▶ _Material provided_:
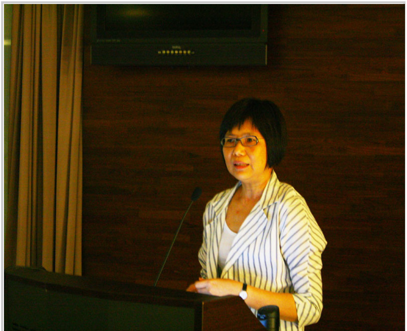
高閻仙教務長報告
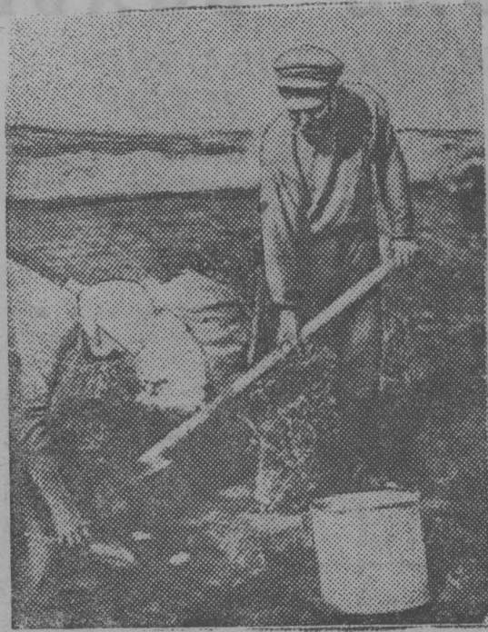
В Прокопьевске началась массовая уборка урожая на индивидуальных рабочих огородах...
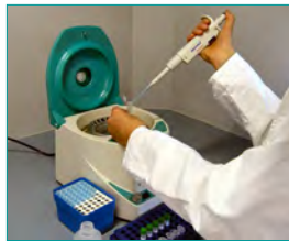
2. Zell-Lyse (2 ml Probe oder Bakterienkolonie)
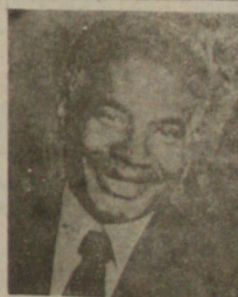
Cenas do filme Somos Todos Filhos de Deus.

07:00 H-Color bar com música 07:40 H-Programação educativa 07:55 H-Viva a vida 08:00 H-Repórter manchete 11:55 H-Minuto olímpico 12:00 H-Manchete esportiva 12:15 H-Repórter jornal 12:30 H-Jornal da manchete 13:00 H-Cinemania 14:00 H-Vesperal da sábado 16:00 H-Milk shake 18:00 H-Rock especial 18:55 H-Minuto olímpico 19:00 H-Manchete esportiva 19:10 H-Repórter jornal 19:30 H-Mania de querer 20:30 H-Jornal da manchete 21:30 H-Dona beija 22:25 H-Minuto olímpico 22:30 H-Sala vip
---
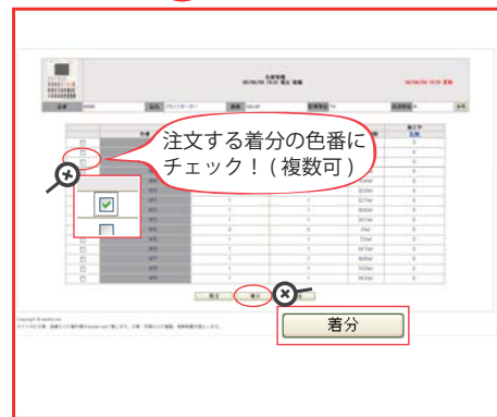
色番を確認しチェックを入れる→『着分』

▶ _Work required_:
Your answer should be the exact lines above from the one containing "В Прокопьевске началась" through the one containing "Cenas do filme Somos Todos Filhos de Deus.", with both end lines kept and the pictures removed, please.

▶ _Answer to this exercise_:
В Прокопьевске началась массовая уборка урожая на индивидуальных рабочих огородах...
2. Zell-Lyse (2 ml Probe oder Bakterienkolonie)
Cenas do filme Somos Todos Filhos de Deus.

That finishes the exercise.